**DESCRIPTION OF THE TASK:** Send back the data below exactly. Drop every picture.

**DATA SHOWN:**
◆ ◆ ◆ ◆

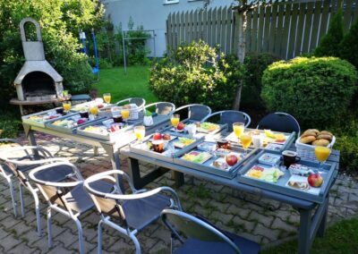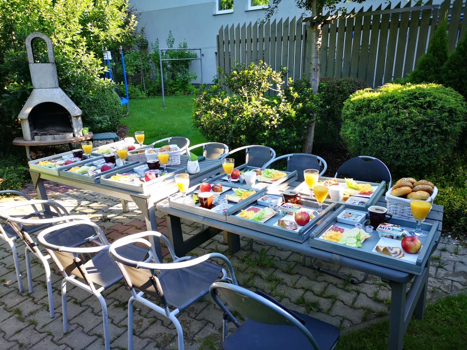 Za příznivého počasí je možné podávat snídani na vaše přání i v prostorách našich zahrad.
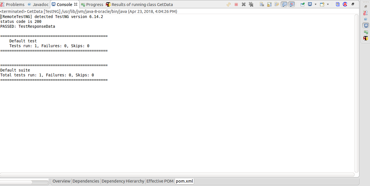 v) Check the Response of API. To Generate the Result I am using a TestNG framework.
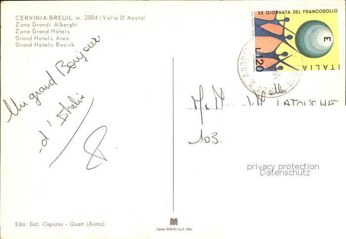 old postcard Cervinia Aosta Zona Grandi Alberghi postalisch gelaufen

◆ ◆ ◆ ◆

**EXPECTED ANSWER:**
 Za příznivého počasí je možné podávat snídani na vaše přání i v prostorách našich zahrad.
 v) Check the Response of API. To Generate the Result I am using a TestNG framework.
 old postcard Cervinia Aosta Zona Grandi Alberghi postalisch gelaufen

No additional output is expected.